Let’s imagine following situation. You create new modern website and because you are looking for some feedback from your potential customers, your new e-mail address shouldn’t missed. But after some time, you receive first offer for some blue pills, and then next and next and… - and then you’re doing nothing else than deleting spam. That’s because your e-mails are not protected and can be easily harvested by specialized robots called spambots.

What spambots do? It’s easy, they get html of your web page and search for e-mails. Here is small example how spambot should work:

HttpWebRequest request = (HttpWebRequest)HttpWebRequest.Create("website_url");
request.Method = "GET";
using (HttpWebResponse response = (HttpWebResponse)request.GetResponse())
{
StreamReader stream = new StreamReader(response.GetResponseStream());
string html = stream.ReadToEnd();
foreach (Match m in Regex.Matches(html, @"\w[\w\.-]+?@(?:[\w-]+\.)+[\w]{2,4}"))
{
Console.WriteLine(m.Value);
}
}

As you see, it’s really very easy to get your e-mail addresses from your website. You can harvest links from your page in similar way and then harvest e-mails from all of Internet – except pages, where e-mails are protected. Let’s take a look, how to do it.

First question is: Where is the best place for code? Your e-mail protecting code can be placed into overridden Render method of your page or into the same method of base class of your page, or master page. But if you want to protect more websites, or protect non-aspx files such as html, the best way is to use ResponseFilter in new (or maybe your existing) HTTP Module. This HTTP Module can be used in as many sites as you want, you simply copy compiled files into bin directory of your site and register this module in web.config. If you are really brave and want to protect whole your IIS, you can copy your files to GAC and register it in machine.config.
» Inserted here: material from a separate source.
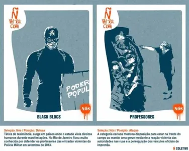 O primeiro pacote tem a imagem da professora Lenita Oliveira, que enfrentou PMs em ato na Câmara Municipal (o episódio foi registrado pelo fotógrafo Fábio Motta, do Estado) e black blocs. Eles integram o time "nós". Os adversários ("eles") têm como técnico Eduardo Cabral (referência ao prefeito Eduardo Paes e ao ex-governador Sérgio Cabral) e um guarda que destruiu donativos para os moradores tirados da Favela da Telerj, em abril.

Base information about HTTP Modules can be found here: http://msdn.microsoft.com/en-us/library/zec9k340(v=VS.71).aspx.

Let’s show how to create our custom HTTP Module protecting e-mail addresses being harvested by spambots.

First, we need to create basic HTTP Module functionality:

public class EmailFilter : IHttpModule
{
public void Init(HttpApplication app)
{
app.PostRequestHandlerExecute += new EventHandler(app_PostRequestHandlerExecute);
}

private void app_PostRequestHandlerExecute(object sender, EventArgs e)
{

}

public void Dispose() { }
}

Methos Init and Dispose must be presented in every class implementing IHttpModule interface. Inside Init method, you see declaration of new PostRequestHandlerExecute handler. It fires right after page is executed and before it is send to the client. This is the right time to modify generated content and send to the client this modified code. Inside PostRequestHandlerExecute we append our new e-mail protecting ResponseFilter to the response stream.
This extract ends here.